Netanyahu needs this to work. Israel is now in its third nationwide lockdown and roughly 9,000 new infections are reported each day. Over 552,000 have caught COVID-19 so far, with just over 4,000 deaths. Critics pin much of the blame on the premier for failing to clamp down on ultra-Orthodox Jewish communities -- an important support base -- that defied social distancing rules.
Despite the continued spread, Leshem was optimistic that early February would mark a turning point for severe cases, as vaccines kick in.
Netanyahu is not the only world leader hoping to inoculate his way out of trouble. Japanese Prime Minister Yoshihide Suga has seen his approval figures drop as cases rise just months before the Tokyo Olympics, and has appointed a new minister to lead the vaccine rollout. Malaysian Prime Minister Muhyiddin Yassin this month declared a parliament-suspending state of emergency -- a move prompted by soaring infections but that also staves off a leadership challenge.
Countries that have already started vaccinations aim to pick up the pace.
India and Indonesia have begun the daunting tasks of immunizing their large populations. Singapore -- arguably comparable to Israel as a small country with strong health care and financial muscle -- last week opened its first two coronavirus vaccination centers. Total inoculations stood at only 6,200, but the Health Ministry said the numbers "are expected to rise substantially in the coming weeks as we continue to ramp up our vaccination operations."
Across the Pacific, President-elect Joe Biden is aiming for 100 million inoculations in his first 100 days. The U.S. was quick to authorize vaccines but stumbled in distribution. This was partly due to the time-consuming process of selecting people for prioritized injections. Still, by sheer total shots, the U.S. was leading the world at 12.28 million as of last Friday.

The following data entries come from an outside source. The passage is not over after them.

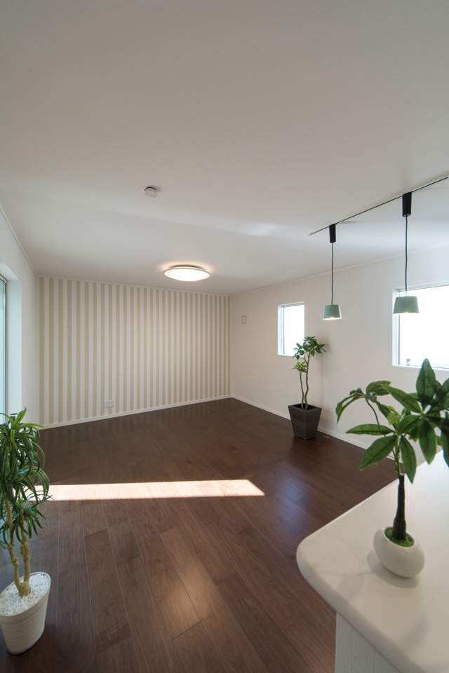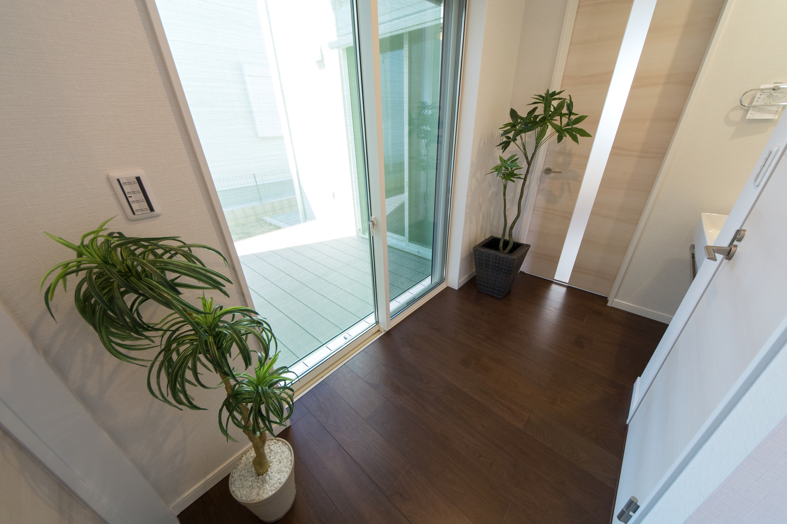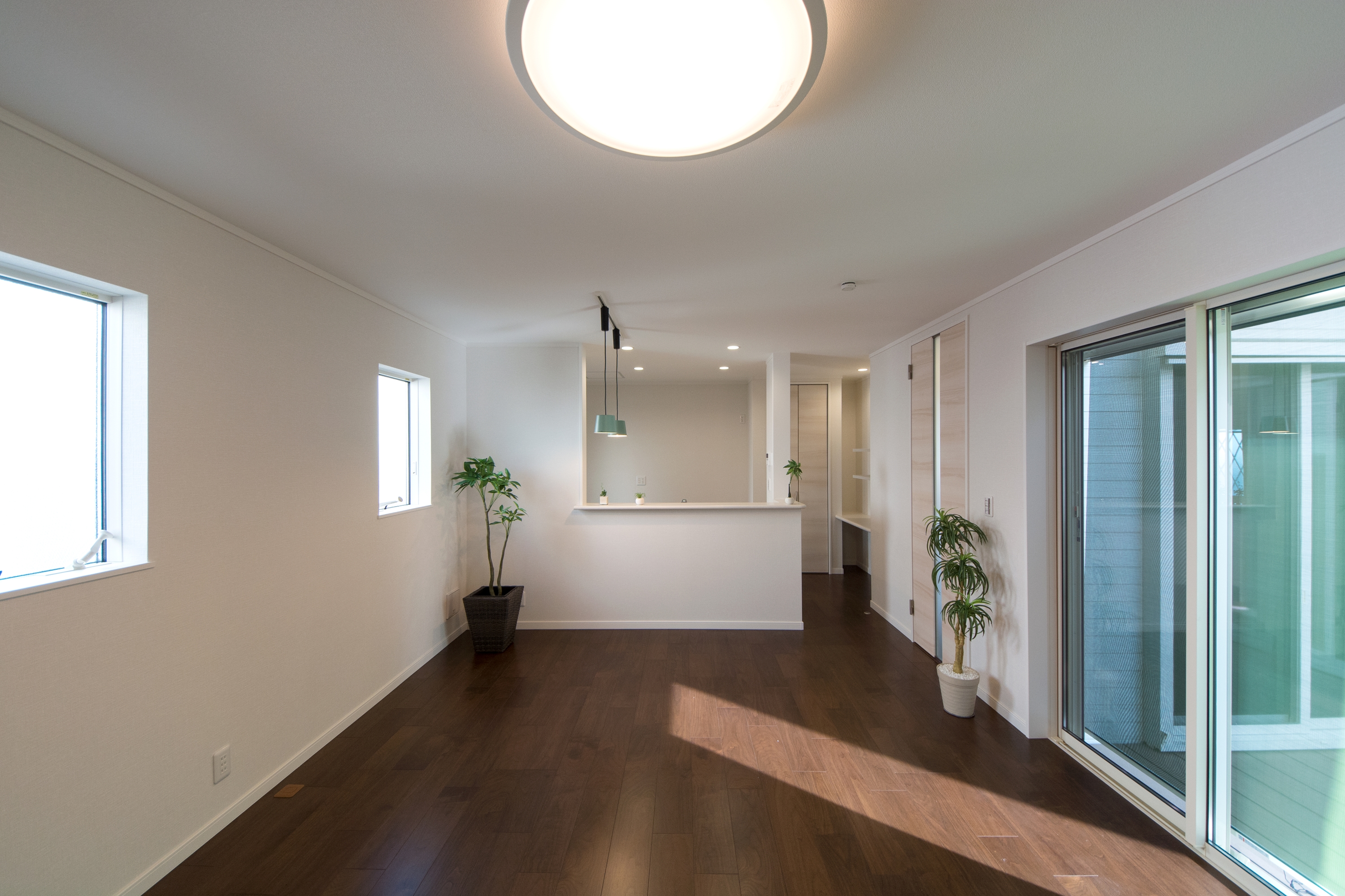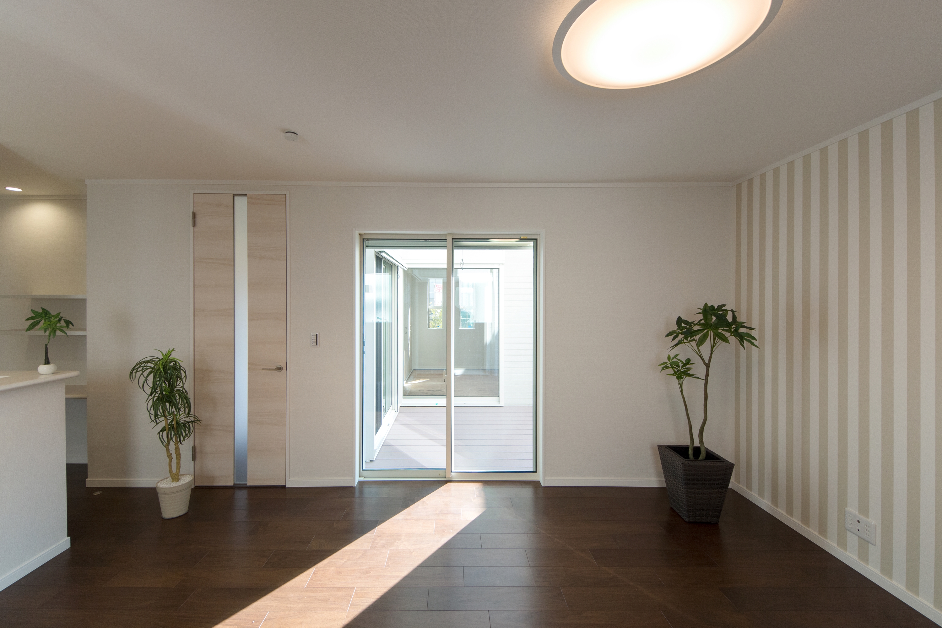 家族の笑顔がリビングに集う ウッドデッキの中庭がある家
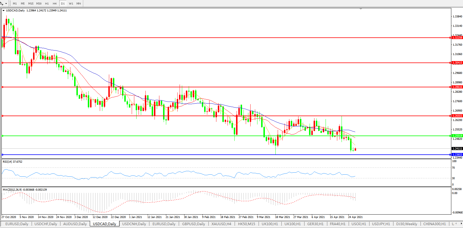 美元兑加元USDCAD    日线图:
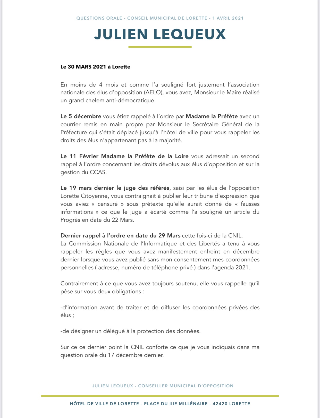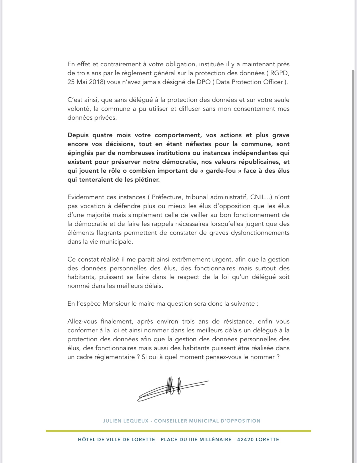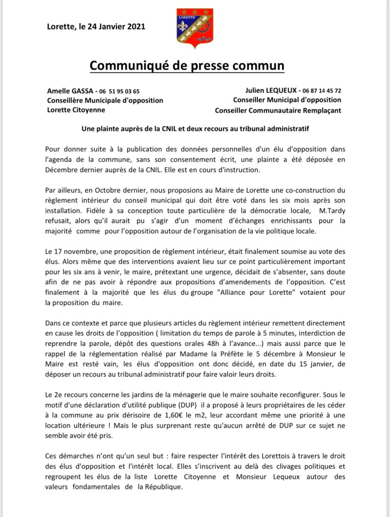 La sécurité des Lorettois est trop importante pour que je ne réalise pas un suivi de ce dossier. Si rien ne bougeait dans les prochaines semaines et que le maire faisait toujours défaut sur ce sujet, je mobiliserai les plus hauts représentants des Lorettois dans le département pour que cet espace puisse être sécurisé avec ou sans Gérard Tardy.
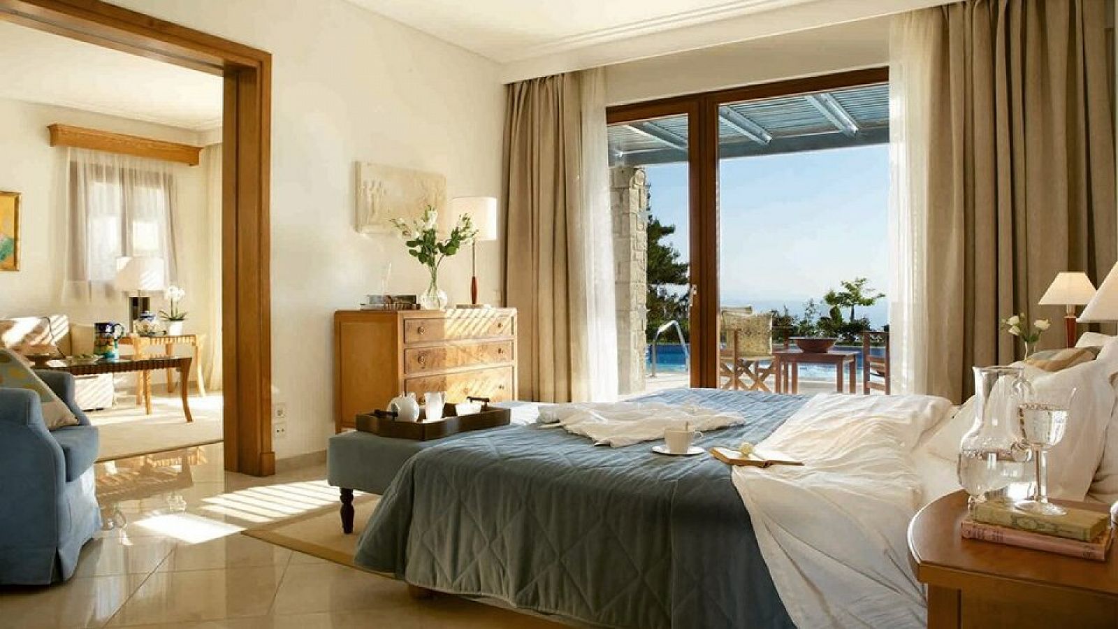 Junior Suite Pool View - odvojena spavaća soba gledaju na bazen, u gornjem delu hotelskog kompleksa.
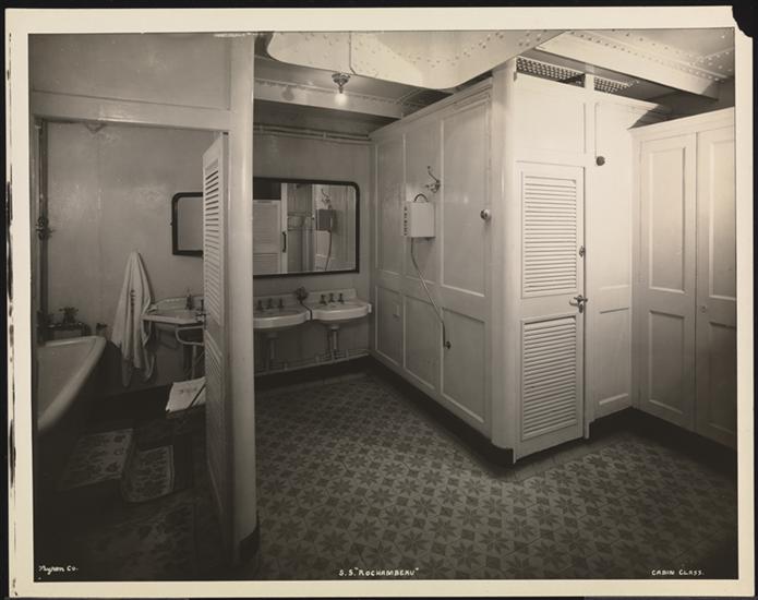 French Line, S.S. "Rochambeau", Cabin Class Interior, 3 Berth Stateroom #185.
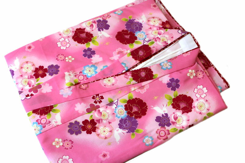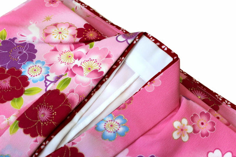 三歳女の子の着物-No.003【地色:ピンク色/三ッ身・着物と襦袢のセット・送料無料/身長95センチから105センチ】
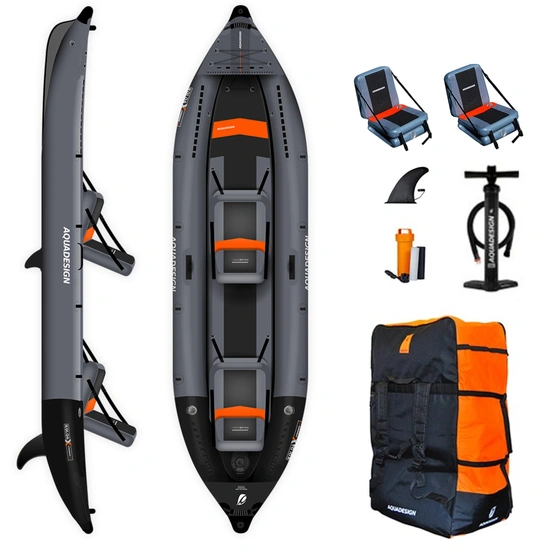 Aquadesign KOLOA 400 to trzyosobowy, półprofesjonalny kajak pneumatyczny do użytku na morzu, jeziorach i rzekach do klasy III. Szeroki kadłub i podłoga drop-stitch 10 cm zapewniają dużą stabilność i komfort pływania nawet z dziećmi. W zestawie: torba transportowa, pompka wysokociśnieniowa, 3 siedziska fusion, 2 stateczniki i zestaw naprawczy. Max. obciążenie 250 kg.
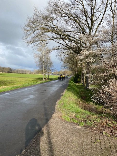 Via Rectum achterlangs Wierden, richting Den Ham en langs de Lemelerberg en Lemelerveld richting Ommen. Zoals we al “gewoon” zijn, over prachtige verkeersluwe wegen en paden. Genietend van de vele bloeiende krentenbomen, een prachtig gezicht, de lente komt er echt aan. Maar april doet wat het wil.
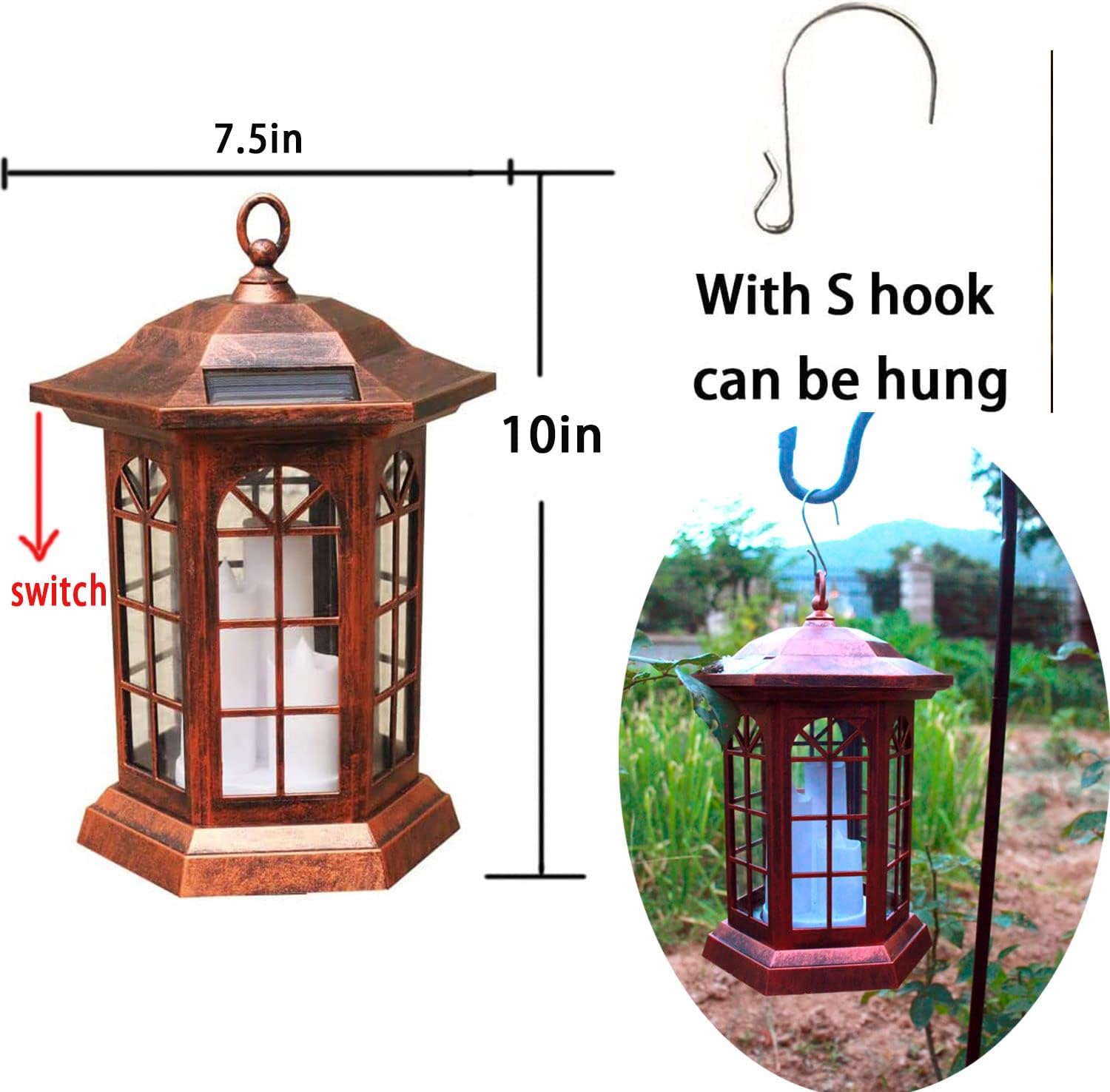 - 【easy to use】Each candle lantern is equipped with an "S" hook, so you can not only put it on the tabletop, but also hang it on a shepherds hook.this beautifully crafted solar powered lanternPerfect for garden
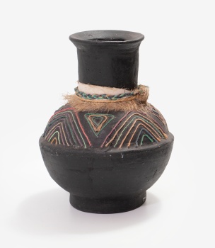 Jarrón africano en cerámica policromada con decoración geométrica realizada con cuerda de diferentes colores. Firmado Daniela 92.
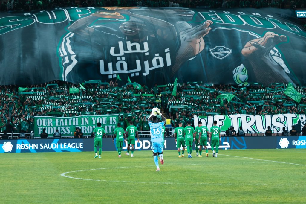 رفعت جماهير النادي الأهلي لافتة ضخمة تحمل عبارة “بطل إفريقيا”، احتفالًا بحارس مرمى الفريق إدوارد ميندي، وذلك خلال مباراة الأهلي
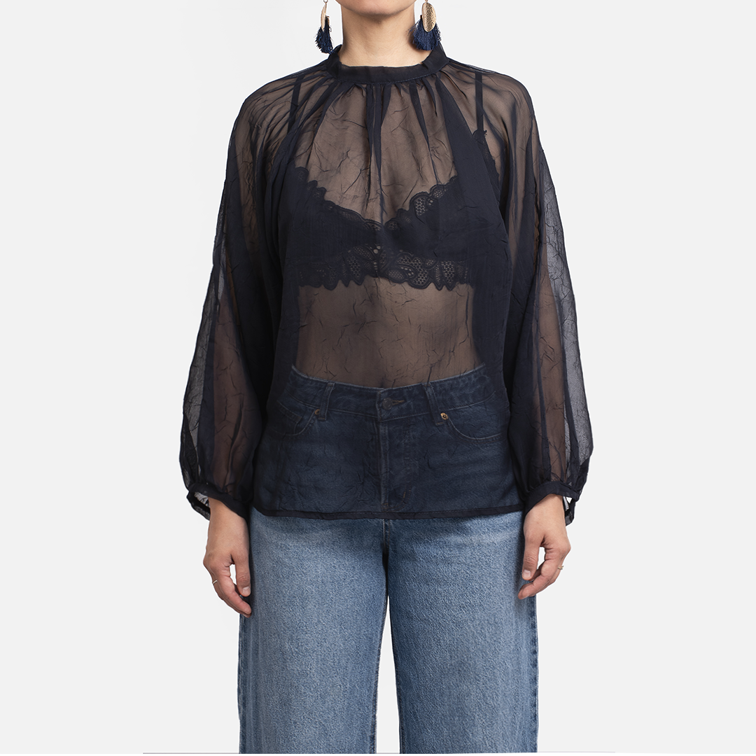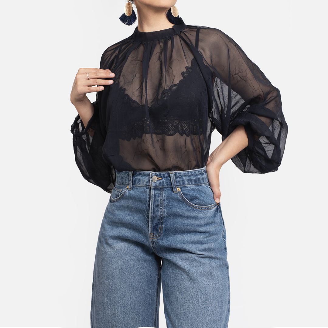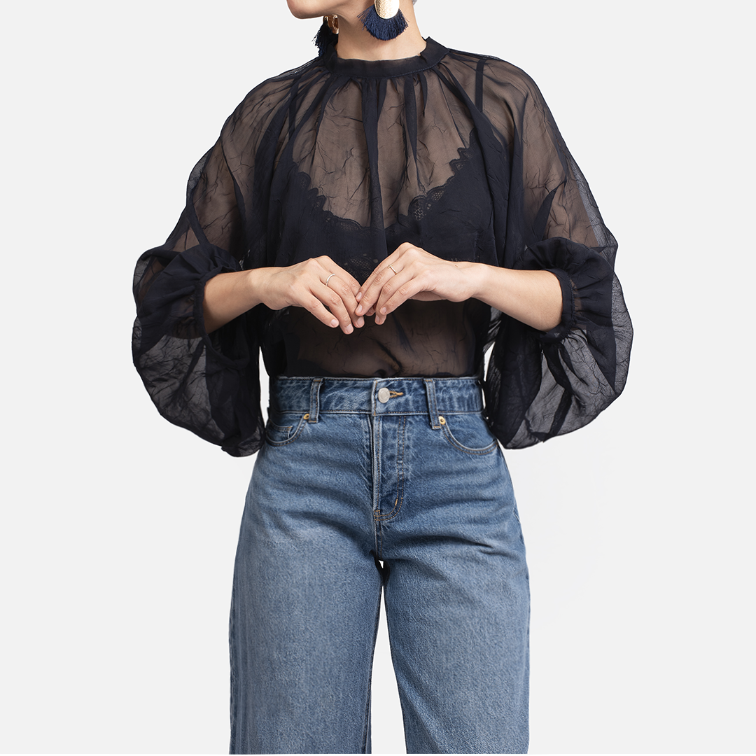 Un blusón de gasa transparente con textura que aporta elegancia sin esfuerzo. Su cuello halter suave, junto a las mangas globo ligeras, crean una silueta moderna y femenina.

For most countries, simply copying the Israeli model is not an option.
Israel's fast pace is "unlikely to be replicable across much of the world," especially in the short term, Oxford Economics said in a note dated Monday. "The rapid rollout partly reflects ample access to the Pfizer vaccine in exchange for information," wrote Ben May, director of global macro research.
Still, he added, Israel "will provide the rest of the world with a potential roadmap for the future and a guide to the speed and extent to which normality can be resumed once a significant share of the population has been inoculated." Israel reportedly plans to introduce "green passports" for people who are fully vaccinated, allowing freedom from safety rules.
Leshem offered a way bigger countries in Asia and elsewhere might draw on the tiny Middle Eastern state's experience.
"When you look at a large problem, you have to dismantle it into smaller solvable problems," Leshem said. "Very large nations probably need to divide their countries into smaller manageable units -- perhaps Israel-type units of about 10 million -- and manage them locally."